Use of bioreactor landfill for nitrogen removal to enhance methane production through ex situ simultaneous nitrification-denitrification and in situ denitrification

Abstract

High concentrations of nitrate-nitrogen (NO3−-N) derived from ex situ nitrification phase can inhibit methane production during ex situ nitrification and in situ denitrification bioreactor landfill. A combined process comprised of ex situ simultaneous nitrification-denitrification (SND) in an aged refuse bioreactor (ARB) and in situ denitrification in a fresh refuse bioreactor (FRB) was conducted to reduce the negative effect of high concentrationsof NO3−-N. Ex situ SND can be achieved because NO3−-N concentration can be reduced and the removal rate of ammonium-nitrogen (NH4+-N) remains largely unchanged when the ventilation rate of ARB-A2 is controlled. The average NO3−-N concentrations of effluent were 470mg/L in ex situ nitrification ARB-A1 and 186mg/L in ex situ SND ARB-A2. The average NH4+-N removal rates of ARB-A1 and ARB-A2 were 98% and 94%, respectively.
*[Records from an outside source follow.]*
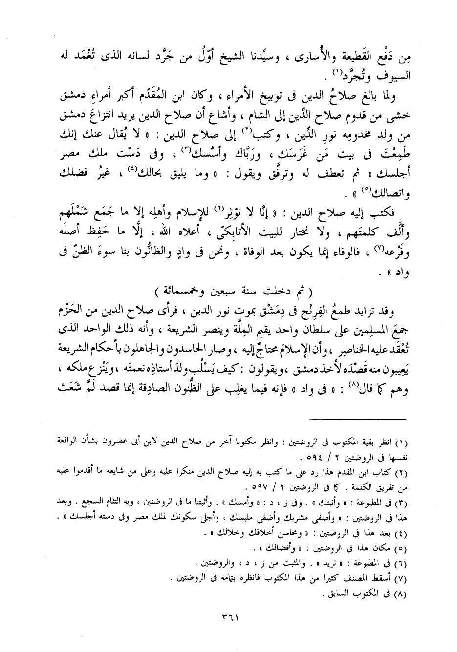 فَكتب إِلَيْهِ صَلَاح الدّين إِنَّا لَا نؤثر لِلْإِسْلَامِ وَأَهله إِلَّا مَا جمع شملهم وَألف كلمتهم وَلَا نَخْتَار للبيت الأتابكي أَعْلَاهُ الله إِلَّا مَا حفظ أَصله وفرعه فالوفاء إِنَّمَا يكون بعد الْوَفَاة وَنحن فِي وَاد والظانون بِنَا سوء الظَّن فِي وَاد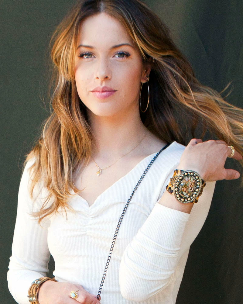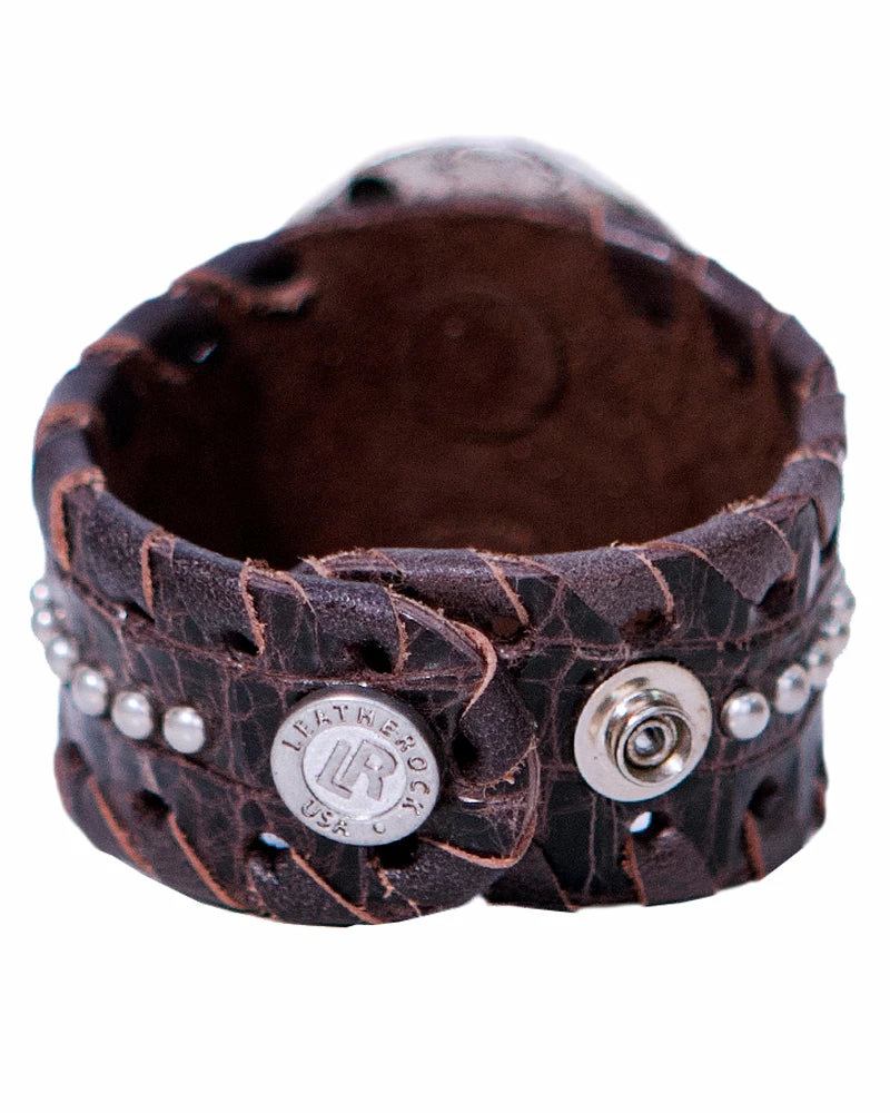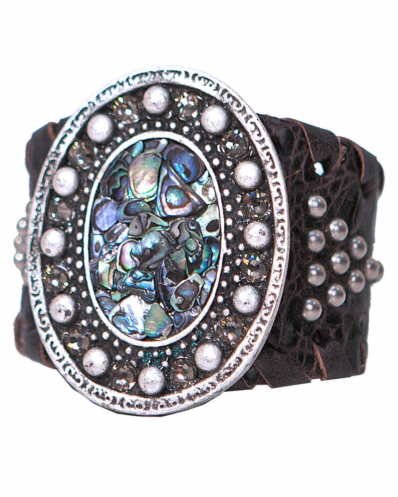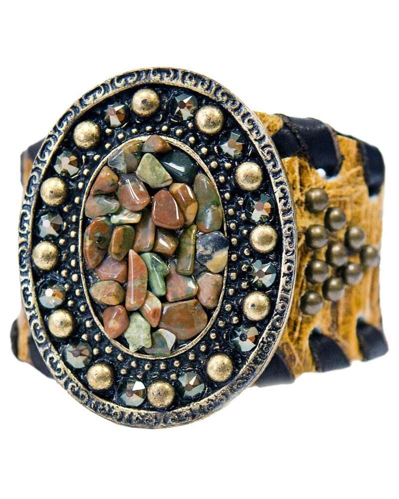 This wide cuff features a centerpiece of semi-precious chips and crystals. Studs and lacing add the finishing touch.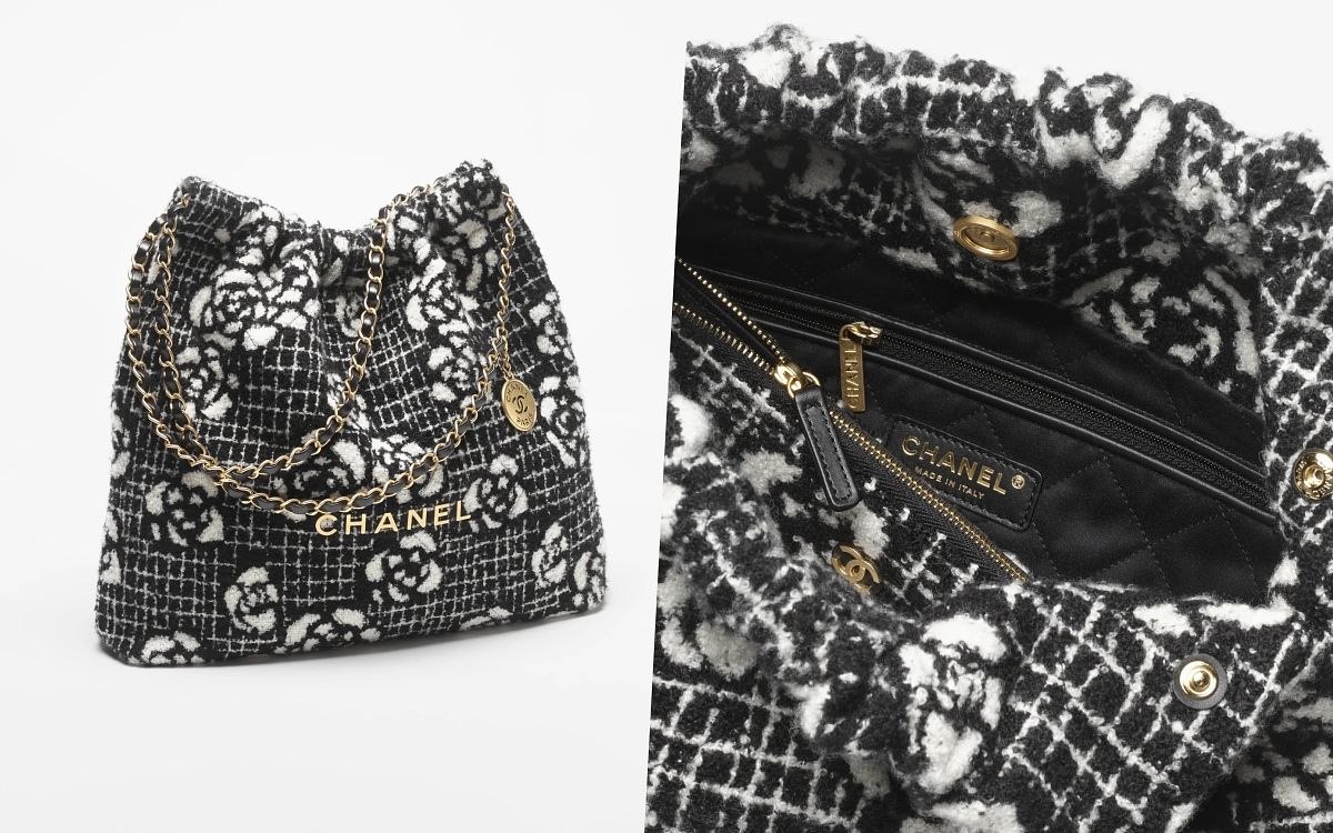 而一般尺寸的Chanel 22包比起Mini款其實大了不少,但是對於一般女生來說也不會過大,比較像是托特包的大小,基本款亮面小牛皮簡約又實用日常,而2023/24秋冬新款以山茶花與黑白毛呢面料打造出華麗奢華的優雅氛圍。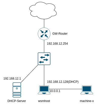 - ホストマシン(wsmhost)の外部へのインターフェイス(eth1)は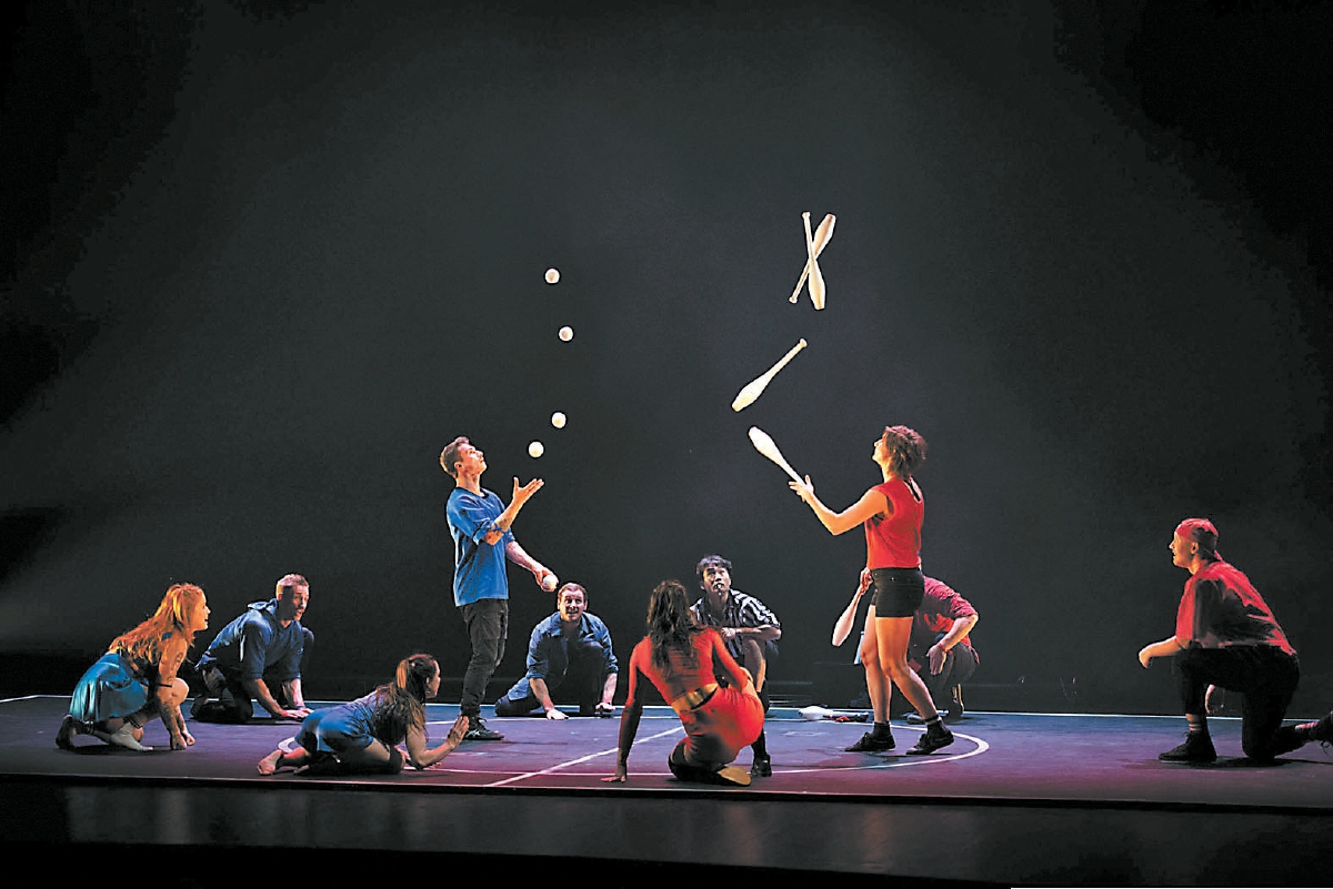 而来自加拿大魁北克的七指杂技团带来的《决斗》,则向莎翁名剧《罗密欧与朱丽叶》取经。篮球场上红蓝大战,扯铃抛球、杂耍竿技、摇摇板呼啦圈,各怀绝技出奇谋;表演者翻滚跳跃,悬空倒吊,叫人捏一把冷汗,是比音乐剧《西区故事》更名副其实的“情场如战场”。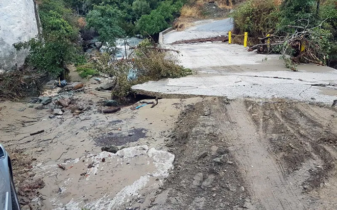 Λόγω πολλών κατολισθήσεων που σημειώθηκαν, το βράδυ της Δευτέρας δόθηκε απαγόρευση κυκλοφορίας στο κεντρικό δρόμο από Σταυροπέδα για Γαύριο και από Αποίκια για Βουρκωτή.
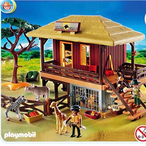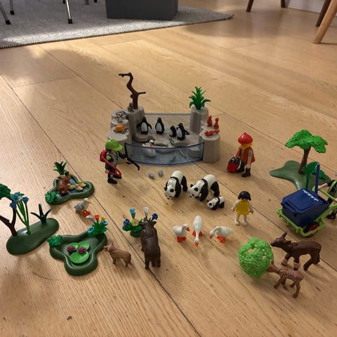 Playmobil MiniZoo legesæt med indhegning, træer, klippeformationer, zebra og struds samt andre figurer.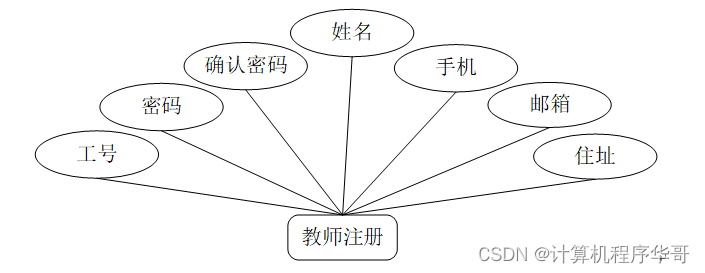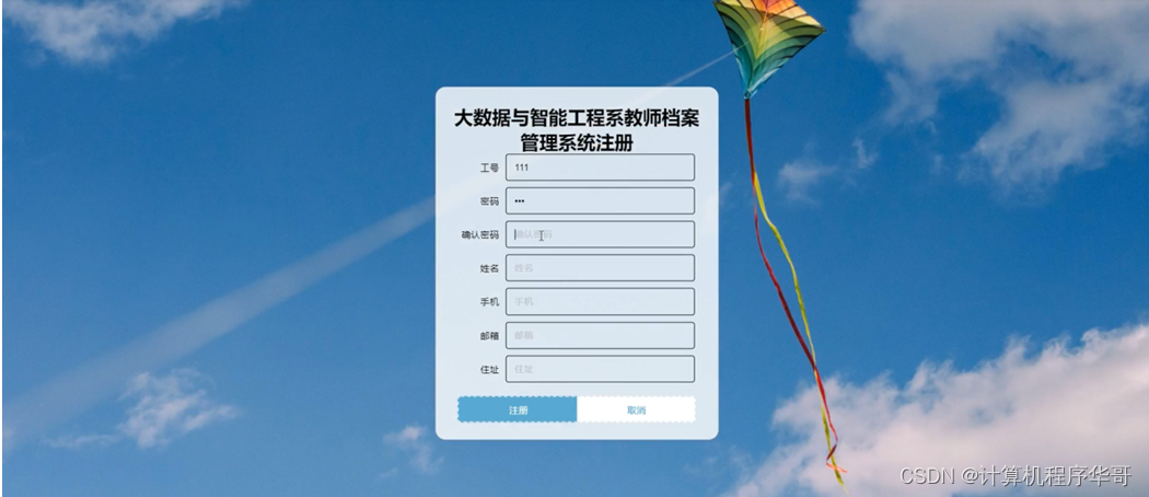 大数据与智能工程系教师档案管理系统,教师注册在页面填写工号、密码、确认密码、 姓名、手机、邮箱、住址等内容进行注册等操作;如图5-1所示。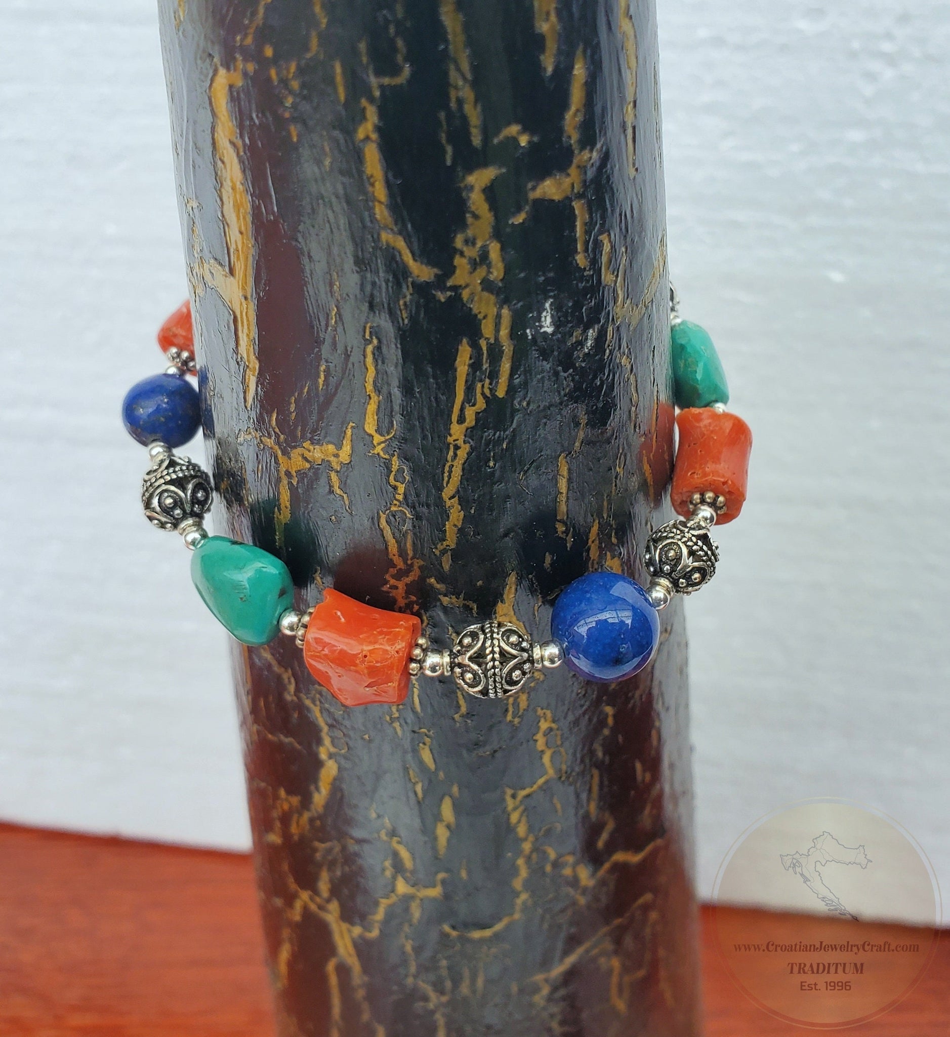 ★ Unique bracelet made from the semi-rustic beads of Mediterranean coral in combination with turquoise and lapis lazuli gemstone. Adorned with filigree ball elements - replicas of the 19th century traditional - heritage Croatian jewelry from Dubrovnik - Dalmatia region. Everything is handmade from solid sterling silver 925, while the surface of the ball elements is oxidized to match their vintage style.★

Based on the experimental data from week 4 to week 30, it is predicted that NH4+-N concentration in FRB-F1 of the ex situ nitrification and in situ denitrification process would reach 25mg/L after 63weeks, and about 40weeks for the FRB-F2 of ex situ SND and in situ denitrification process . Ex situ SND and in situ denitrification process can improve themethane production of FRB-F2. The lag phase time of methane production for the FRB-F2 was 11weeks. This phase was significantly shorter than the 15-week phases of FRB-F1 in ex situ nitrification and in situ denitrification process. A seven-week stabilizationphase was required to increase methane content from 5% to 50% for FRB-F2. Methane content in FRB-F1 did not reach 50% but reached the 45% peak after 20weeks.